Almost as if he can hear me, Morpheus’ face lifts and the look he gives me is one full of sadness and pity. I don’t understand that. They couldn’t have known why I was home already. Why would he be looking at me with pity?
“I’m sorry, Denise,” Morpheus says, his voice low and gravelly. “It’s true.”
“ No !” my mother wails. “No, it can’t be!”
I stop in front of them and Morpheus’ gaze lifts away from my mother, settling on me. His attention crawls over me, a visceral thing that feels alive the longer he stares. My insides churn and all of the alcohol I drank earlier in the night threatens to make me heave. Where he looked at her with tightness, he seems almost gentle with me. That gentleness is a lie. “ Juliet .”

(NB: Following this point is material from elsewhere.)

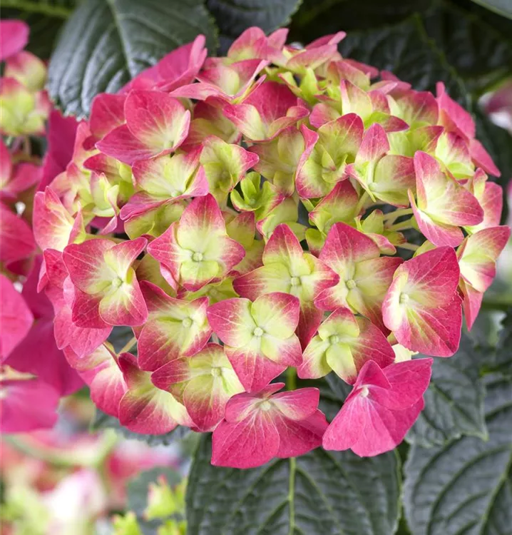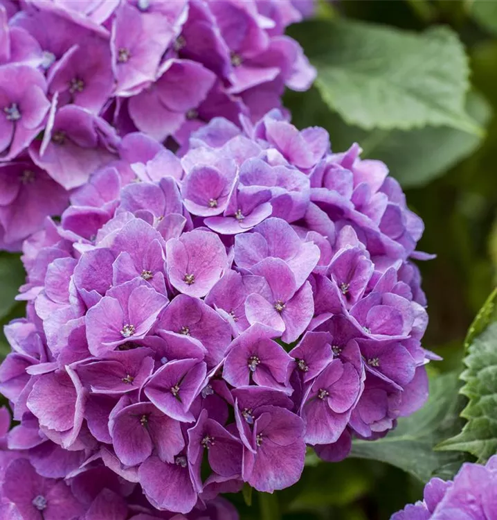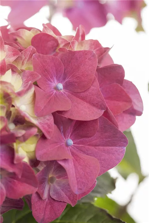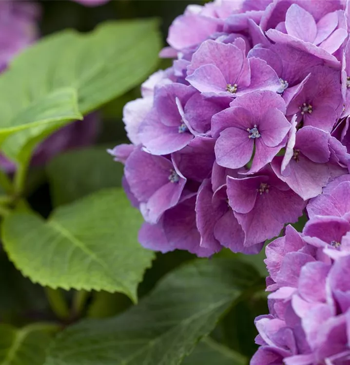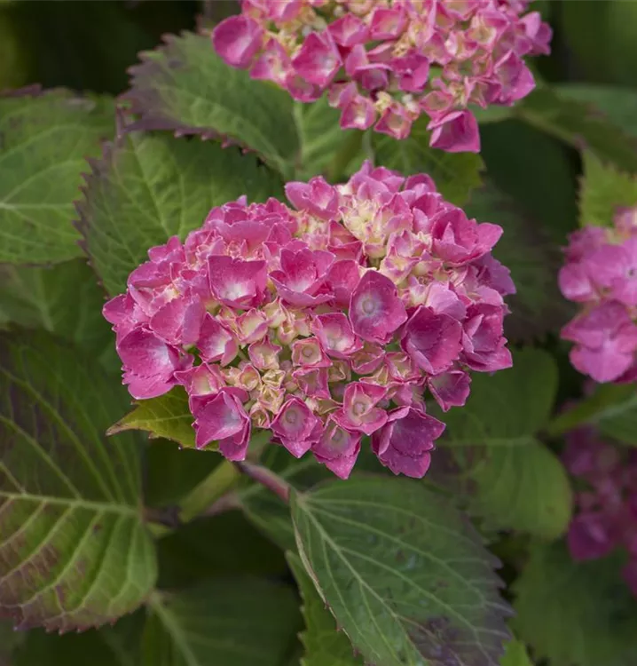 Die sommergrünen Blätter der Bauernhortensie sind mittelgrün, eiförmig, gesägt.

It’s not the sound of police sirens or the news crew chattering animatedly that breaks that final shred of sanity inside me. It’s not even my mother’s sobbing or the click of the cruiser door as my father is ducked inside the backseat. It’s my name, spoken in that quiet, broken whisper.
I thought nothing could make this night worse.
I was wrong.
As Morpheus opens his mouth again, all of the emotions I’d been feeling crash towards me at once. The hurt. The regret. The pain. The loss. The confusion. The anger. They hit me and that’s it. I step away from him and my mother. My heartbeat slows down until it’s a slug squeezing through my arteries. A distant ringing echoes against my eardrum, growing louder and softer … louder and softer. Tingles race up my arms and down my legs as goosebumps rise up on my skin. It’s gone. All of it. The money. The protection. I cut my gaze to Morpheus and then my mother before they slide back to the blue and red flashing lights of the cop cars situated outside of my family’s home.
It’s the end of May. It should be warm. Yet, all I taste is the burn of ice on the back of my tongue.
Suddenly, I don’t feel anything anymore. I don’t want to. Not a goddamn thing.